Он противополагал эти растения и этих животных людям, жившим рядом с ним, страшно расчетливым (в крепостном быту копейка – целое богатство) и скрытным. Да и он также был чрезвычайно сдержан и осмотрителен. Даже с Сергеем Федоровичем говорил редко: тот так же, как и он, тосковал про себя, в своем одиночестве и замкнутости.
Однако среди густого мрака Федор Михайлович все яснее улавливал счастливые полоски света. Он узнавал новые, и для него поразительные и неожиданные, характеры. И, глядя на жестоко опустошенную и отравленную жизнь, он думал про себя: сколько тут погублено сил человеческих! И погублено даром! Сколько в этих грязных стенах и возле этих тысяч палей, им уже сто раз пересчитанных, пропало молодости, порывов ума и сердца, и пропало безвозвратно, со свирепой и тупой несправедливостью! Да ведь это все необыкновенный народ, сильный и даровитый! Да за что они гибнут тут? И кто виноват в их гибели? Кто же виноват?!

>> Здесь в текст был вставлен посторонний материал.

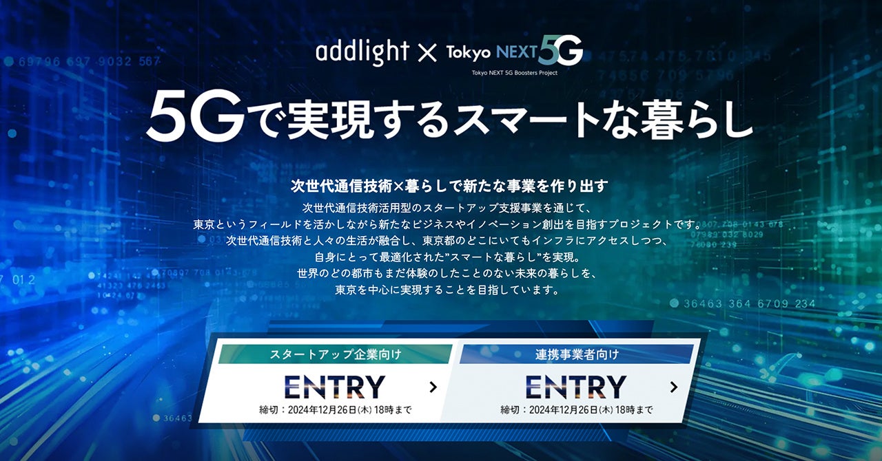 大手企業の新規事業開発を支援する株式会社アドライト(本社:東京都千代田区、代表取締役:木村 忠昭 以下、アドライト)は、2024年11月26日(火)より、東京都による次世代通信技術活用型スタートアップ支援事業『Tokyo NEXT 5G Boosters Project』(以下、本プログラム)の令和6年度採択開発プロモーターとして、支援対象となる次世代通信技術などを活用した製品・サービスの開発を行うスタートアップ企業と、実証フィールドの提供や技術、事業拡大のサポートを実施する連携事業者の募集を開始します。

Федор Михайлович часто спрашивал себя: кто виноват? – и все искал ответа… А в поисках его соразмерял свои собственные помыслы с помыслами других и находил порой, что, быть может, слишком уж они широки, эти помыслы, и слишком велики надрывы в душах человеческих, а все это не по силам людей; многого хотят люди, как хотел и он сам, и надо сузить человека, определенно сузить и самому смириться перед лишениями и превратностями судьбы, которая, как он думал сейчас, предъявляет свои права и неотступные законы. Удивительная работа мысли продолжала кипеть в Федоре Михайловиче, но рассудком своим он приходил все к новым и новым понятиям, исполненным терпения и даже страха божия. Все более и более в своей отрешенности и одиночестве он обращался к всевышним силам, отыскивая в них некое утешение. Старая душегрейка тут оказывалась самонужнейшей, хоть и весьма износившейся, вещью.